History and Guitar Legacy

Soundgarden emerged from Seattle in 1984 as a founding pillar of grunge, but their guitar work transcended that label. Kim Thayil brought dissonant, atonal approaches rooted in punk and psychedelia, while Chris Cornell contributed melodic, textural guitar parts. Their sound draws equally from Black Sabbath's crushing weight and Led Zeppelin's dynamic range, making them essential study for electric guitarists seeking depth beyond standard approaches.

Playing Style and Techniques

Kim Thayil's immediately recognizable style features angular, feedback-drenched riffs built on unusual intervals with a loose, improvised feel. He favors sustain and overtones over speed, letting notes ring into controlled feedback rather than pursuing flashy solos. His lead work is textural and sculptural rather than melodic, proving that heavy, inventive playing doesn't require speed. This approach liberates guitarists from conventional blues-scale soloing.

Why Guitarists Study Soundgarden

Soundgarden's catalog teaches relentless use of alternate and dropped tunings combined with heavy riffing that breaks conventional patterns. Their songs demonstrate how dissonance becomes massive and compelling. Learning their material expands playing beyond power chords and pentatonic boxes, revealing new harmonic possibilities and textural approaches that develop a guitarist's overall musicality and sonic vocabulary significantly.

Difficulty and Learning Path

Soundgarden sits at intermediate level with advanced challenges. Riffs aren't speed focused but demand proficiency with alternate tunings like Drop D, DADGAD, and CGCGGE, plus odd time signatures such as 7/4 in 'Outshined'. Tight palm muting, disciplined downpicking, unconventional power chord voicings, and comfort with dissonance are essential. Mastering these skills deeply rewards players and genuinely levels up overall ability.
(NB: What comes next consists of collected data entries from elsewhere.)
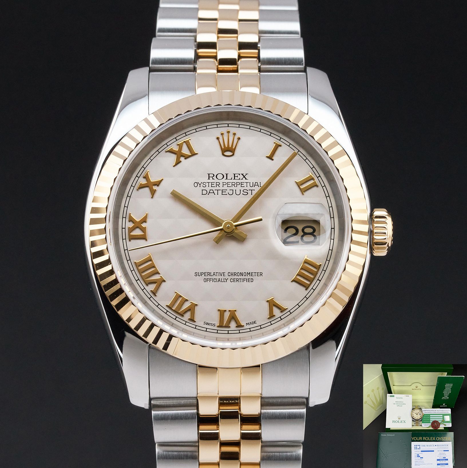 Rolex Datejust, 116233, 36mm, 2006, Two-Tone, Ivory Pyramid Roman dial, Fullset, 1y warranty
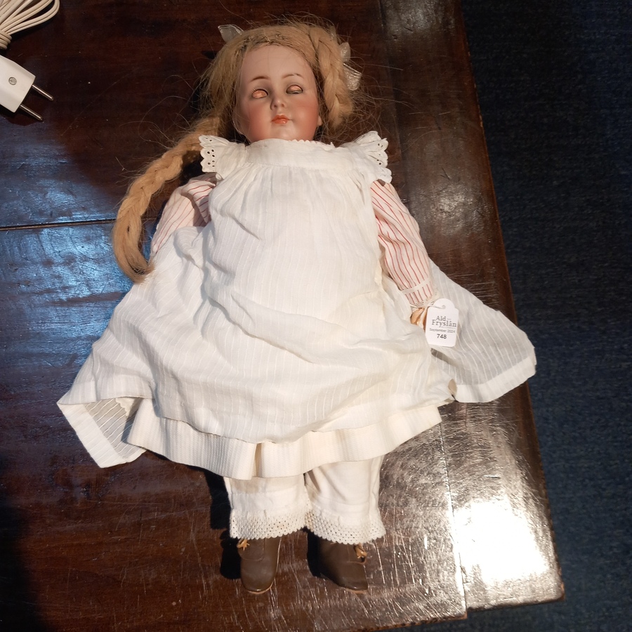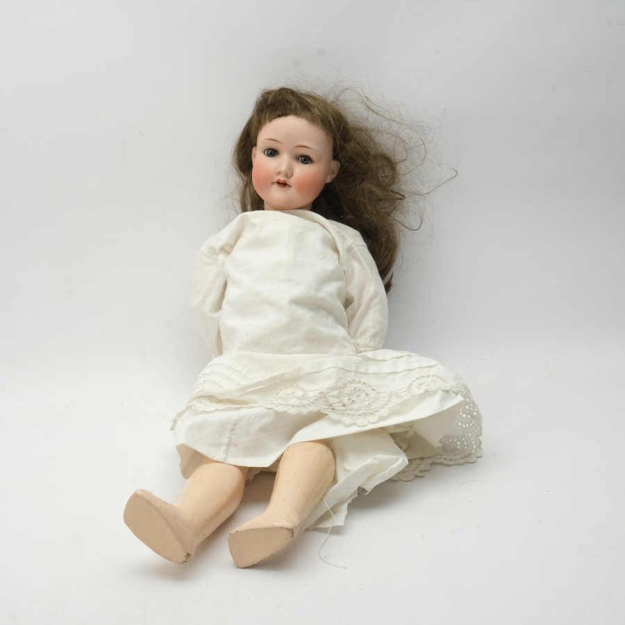 Een antieke karakterpop met een papiermaché lijf en beweegbare armen en benen. Voorzien van een porseleinen hoofd en blonde pruik. Gemerkt Simon & Halbig, Kammer & Reinhardt nr 117. (Mei...
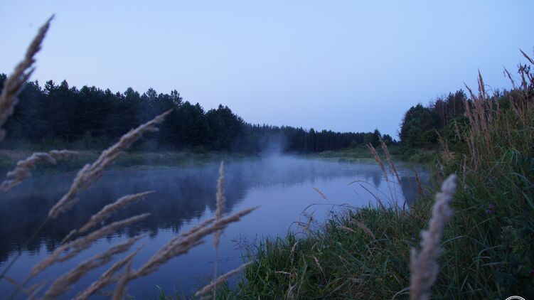На одном из них фотограф запечатлел тихую ленту реки, окутанной легким речным туманом, в обрамлении трав и лесных деревьев.
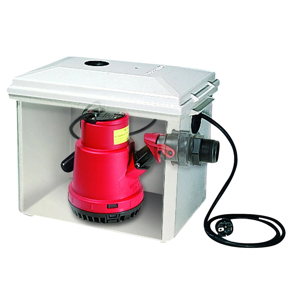 Petite station de relevage destinée à l'évacuation des eaux usées sans matières fécales. Convient pour le raccordement de douches, baignoires, lavabos, éviers, ainsi que de lave-vaisselle ou de lave-linge...
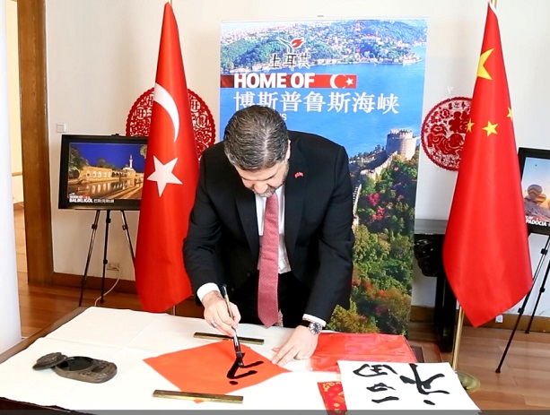 土耳其驻华大使写“福”字,送祝福
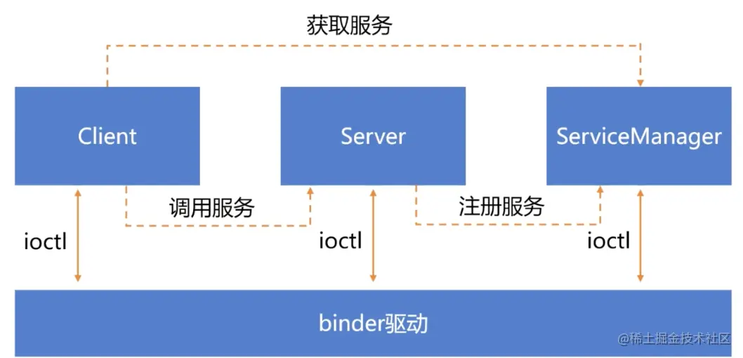 Client 端表示应用程序进程,Service 端表示系统服务,它可能运行在 SystemService 进程,比如 AMS、PKMS等,也可能是运行在一个单独的进程中,比如 SurfaceFlinger。ServiceManager 是 Binder 进程间通信方式的上下文管理者,它提供 Service 端的服务注册和 Client 端的服务获取功能。它们之间是不能直接通信的,需要借助于 Binder 驱动层进行交互。

What Makes Soundgarden Essential for Guitar Players

  • Kim Thayil built his signature sound around alternate tunings, Drop D is just the starting point. Songs like 'Black Hole Sun' use a superimposed Eb tuning, while 'Rusty Cage' uses standard tuning with a relentless downpicking attack. Learning Soundgarden means becoming fluent in retuning your guitar constantly.
  • Odd time signatures are a Soundgarden trademark that forces guitarists to count rather than cruise. 'Outshined' grooves in 7/4 time so naturally you might not notice at first, and 'Spoonman' shifts between time signatures. Practicing these songs builds rhythmic awareness that transfers to everything else you play.
  • Thayil's lead style prioritizes texture and feedback manipulation over conventional soloing. He uses the wah pedal almost as a tonal instrument rather than a cliché effect, sweeping it slowly to shape sustained notes into howling overtones. Learning his solos teaches you how to make fewer notes sound enormous.
  • Heavy palm-muted downpicking drives the Soundgarden rhythm sound, especially on tracks like 'Rusty Cage' and 'Outshined.' The right-hand endurance required is similar to Metallica's James Hetfield approach, consistent, aggressive, and locked to the kick drum. Build stamina by playing these riffs at tempo for full song lengths.
  • Controlled feedback and sustain are integral to the Soundgarden guitar tone. Thayil would stand at specific distances from his amp stack to coax harmonic overtones from held notes, turning noise into a musical element. To replicate this at home, use a high-gain amp setting with the volume loud enough for natural feedback, and experiment with your guitar's position relative to the speaker.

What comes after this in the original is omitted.